[Records drawn from a dataset]
=====
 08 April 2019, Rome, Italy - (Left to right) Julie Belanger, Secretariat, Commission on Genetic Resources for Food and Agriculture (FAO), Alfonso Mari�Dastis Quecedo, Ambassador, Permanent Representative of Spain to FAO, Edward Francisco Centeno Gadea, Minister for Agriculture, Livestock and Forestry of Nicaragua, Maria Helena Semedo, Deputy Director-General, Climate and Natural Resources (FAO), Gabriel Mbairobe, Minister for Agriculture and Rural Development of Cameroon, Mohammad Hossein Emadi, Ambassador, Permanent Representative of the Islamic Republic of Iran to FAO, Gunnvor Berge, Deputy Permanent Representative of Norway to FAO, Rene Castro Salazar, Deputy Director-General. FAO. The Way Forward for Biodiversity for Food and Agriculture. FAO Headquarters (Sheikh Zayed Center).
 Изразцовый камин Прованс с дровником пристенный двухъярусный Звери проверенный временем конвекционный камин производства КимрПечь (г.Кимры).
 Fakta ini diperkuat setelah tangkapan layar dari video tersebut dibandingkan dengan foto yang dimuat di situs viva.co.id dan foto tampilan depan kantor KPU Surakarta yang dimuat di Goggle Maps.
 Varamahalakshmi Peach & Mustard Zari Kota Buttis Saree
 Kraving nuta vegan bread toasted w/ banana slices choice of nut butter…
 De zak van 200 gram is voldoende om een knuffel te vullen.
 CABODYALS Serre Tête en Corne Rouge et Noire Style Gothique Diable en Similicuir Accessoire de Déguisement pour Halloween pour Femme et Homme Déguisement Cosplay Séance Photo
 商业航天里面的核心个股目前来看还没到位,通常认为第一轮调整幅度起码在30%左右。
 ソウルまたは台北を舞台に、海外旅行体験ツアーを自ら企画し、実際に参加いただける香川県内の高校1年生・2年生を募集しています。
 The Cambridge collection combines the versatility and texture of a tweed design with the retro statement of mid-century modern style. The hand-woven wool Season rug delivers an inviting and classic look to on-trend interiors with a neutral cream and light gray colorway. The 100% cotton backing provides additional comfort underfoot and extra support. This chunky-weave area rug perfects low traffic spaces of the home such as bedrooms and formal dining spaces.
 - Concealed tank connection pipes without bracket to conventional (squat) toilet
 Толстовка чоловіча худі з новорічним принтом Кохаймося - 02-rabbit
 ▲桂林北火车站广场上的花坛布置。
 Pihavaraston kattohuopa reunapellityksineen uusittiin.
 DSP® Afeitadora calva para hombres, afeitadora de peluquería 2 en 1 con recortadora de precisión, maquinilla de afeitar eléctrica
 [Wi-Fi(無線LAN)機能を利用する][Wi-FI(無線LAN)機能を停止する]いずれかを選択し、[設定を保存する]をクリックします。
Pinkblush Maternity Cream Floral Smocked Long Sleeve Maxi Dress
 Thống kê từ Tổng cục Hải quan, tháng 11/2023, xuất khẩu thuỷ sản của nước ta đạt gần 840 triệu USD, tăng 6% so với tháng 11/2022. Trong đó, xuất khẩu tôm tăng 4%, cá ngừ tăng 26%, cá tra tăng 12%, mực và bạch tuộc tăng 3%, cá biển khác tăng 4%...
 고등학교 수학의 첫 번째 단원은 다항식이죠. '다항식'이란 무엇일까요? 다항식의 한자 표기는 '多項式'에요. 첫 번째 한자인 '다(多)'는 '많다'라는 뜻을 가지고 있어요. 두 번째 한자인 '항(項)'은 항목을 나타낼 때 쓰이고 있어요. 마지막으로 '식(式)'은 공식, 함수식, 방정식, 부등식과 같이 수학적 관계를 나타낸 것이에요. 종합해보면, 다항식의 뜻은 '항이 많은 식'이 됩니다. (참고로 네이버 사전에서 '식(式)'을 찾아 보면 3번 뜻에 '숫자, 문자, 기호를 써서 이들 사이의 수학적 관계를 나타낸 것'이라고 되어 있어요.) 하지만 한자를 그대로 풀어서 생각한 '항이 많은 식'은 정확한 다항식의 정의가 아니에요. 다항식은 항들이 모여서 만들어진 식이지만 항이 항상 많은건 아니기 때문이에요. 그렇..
=====
Would you print, exactly as written, every line above from the one holding "CABODYALS Serre Tête" through the one holding "The Cambridge collection", with both included and no other lines?

 CABODYALS Serre Tête en Corne Rouge et Noire Style Gothique Diable en Similicuir Accessoire de Déguisement pour Halloween pour Femme et Homme Déguisement Cosplay Séance Photo
 商业航天里面的核心个股目前来看还没到位,通常认为第一轮调整幅度起码在30%左右。
 ソウルまたは台北を舞台に、海外旅行体験ツアーを自ら企画し、実際に参加いただける香川県内の高校1年生・2年生を募集しています。
 The Cambridge collection combines the versatility and texture of a tweed design with the retro statement of mid-century modern style. The hand-woven wool Season rug delivers an inviting and classic look to on-trend interiors with a neutral cream and light gray colorway. The 100% cotton backing provides additional comfort underfoot and extra support. This chunky-weave area rug perfects low traffic spaces of the home such as bedrooms and formal dining spaces.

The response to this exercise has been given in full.